WHAT THIS TASK INVOLVES:
Starting at the line that has "這是11月11日在比利時根特燈光節上拍攝的燈光藝術作品。" and stopping after the line that has "在忻州的廣袤土地上,每一塊磚", reproduce the listing below exactly; omit everything else.

RECORDS TO USE:
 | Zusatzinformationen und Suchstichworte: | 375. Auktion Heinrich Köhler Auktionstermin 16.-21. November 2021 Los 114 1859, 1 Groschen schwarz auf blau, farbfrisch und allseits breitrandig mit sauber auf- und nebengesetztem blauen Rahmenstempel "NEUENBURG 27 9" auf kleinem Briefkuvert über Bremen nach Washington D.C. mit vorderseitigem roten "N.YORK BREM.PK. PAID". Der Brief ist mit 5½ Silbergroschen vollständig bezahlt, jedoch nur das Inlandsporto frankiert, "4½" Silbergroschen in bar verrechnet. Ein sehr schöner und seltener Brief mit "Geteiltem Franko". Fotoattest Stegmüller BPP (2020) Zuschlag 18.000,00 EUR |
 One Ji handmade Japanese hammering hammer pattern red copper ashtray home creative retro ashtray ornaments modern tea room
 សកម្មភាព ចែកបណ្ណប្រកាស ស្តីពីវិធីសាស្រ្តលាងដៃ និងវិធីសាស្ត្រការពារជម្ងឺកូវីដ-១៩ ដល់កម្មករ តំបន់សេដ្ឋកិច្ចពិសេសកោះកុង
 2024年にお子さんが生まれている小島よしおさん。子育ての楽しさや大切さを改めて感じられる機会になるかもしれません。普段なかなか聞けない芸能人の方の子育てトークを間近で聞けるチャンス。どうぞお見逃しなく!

==

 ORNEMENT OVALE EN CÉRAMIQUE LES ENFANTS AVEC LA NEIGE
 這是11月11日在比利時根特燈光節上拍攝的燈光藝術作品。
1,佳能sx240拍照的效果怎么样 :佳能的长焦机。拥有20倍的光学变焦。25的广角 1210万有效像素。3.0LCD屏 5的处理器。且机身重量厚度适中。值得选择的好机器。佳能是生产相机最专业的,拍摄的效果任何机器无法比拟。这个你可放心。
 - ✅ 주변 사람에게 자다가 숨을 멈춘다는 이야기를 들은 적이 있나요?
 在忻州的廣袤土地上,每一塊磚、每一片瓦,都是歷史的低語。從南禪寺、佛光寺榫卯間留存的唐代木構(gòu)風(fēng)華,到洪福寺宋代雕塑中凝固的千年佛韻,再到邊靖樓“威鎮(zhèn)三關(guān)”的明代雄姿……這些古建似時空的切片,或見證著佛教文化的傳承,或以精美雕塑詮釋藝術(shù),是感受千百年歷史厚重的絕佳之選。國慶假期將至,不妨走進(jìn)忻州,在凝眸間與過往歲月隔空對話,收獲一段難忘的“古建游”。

---

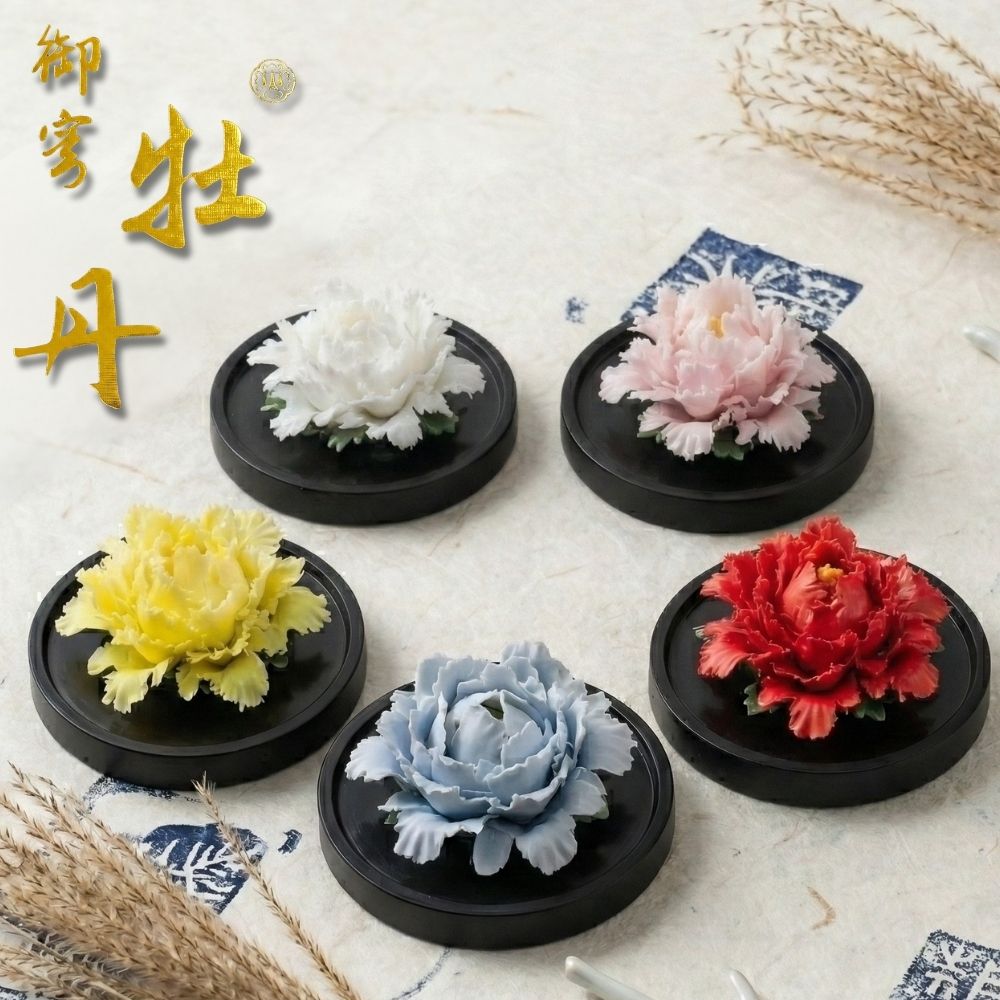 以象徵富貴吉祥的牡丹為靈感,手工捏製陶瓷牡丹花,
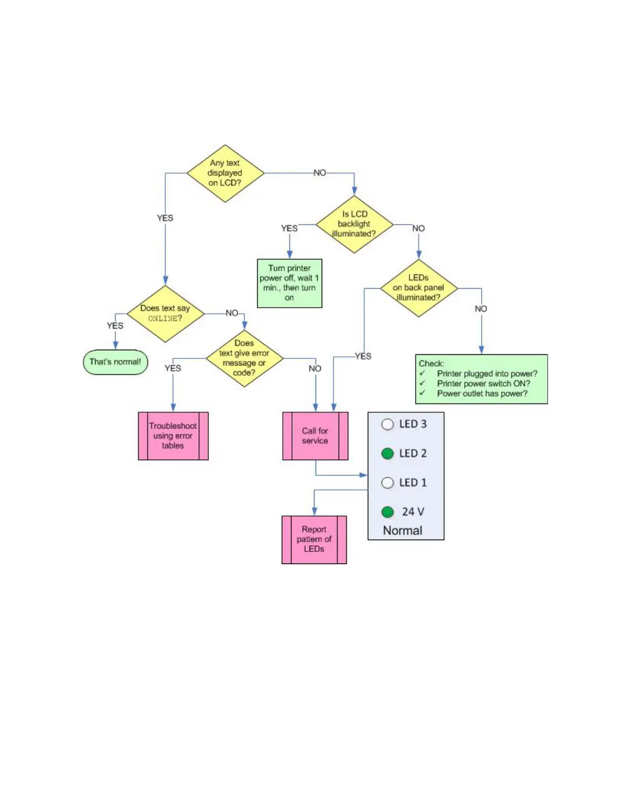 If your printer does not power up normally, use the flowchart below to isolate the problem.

WRITTEN ANSWER:
 這是11月11日在比利時根特燈光節上拍攝的燈光藝術作品。
1,佳能sx240拍照的效果怎么样 :佳能的长焦机。拥有20倍的光学变焦。25的广角 1210万有效像素。3.0LCD屏 5的处理器。且机身重量厚度适中。值得选择的好机器。佳能是生产相机最专业的,拍摄的效果任何机器无法比拟。这个你可放心。
 - ✅ 주변 사람에게 자다가 숨을 멈춘다는 이야기를 들은 적이 있나요?
 在忻州的廣袤土地上,每一塊磚、每一片瓦,都是歷史的低語。從南禪寺、佛光寺榫卯間留存的唐代木構(gòu)風(fēng)華,到洪福寺宋代雕塑中凝固的千年佛韻,再到邊靖樓“威鎮(zhèn)三關(guān)”的明代雄姿……這些古建似時空的切片,或見證著佛教文化的傳承,或以精美雕塑詮釋藝術(shù),是感受千百年歷史厚重的絕佳之選。國慶假期將至,不妨走進(jìn)忻州,在凝眸間與過往歲月隔空對話,收獲一段難忘的“古建游”。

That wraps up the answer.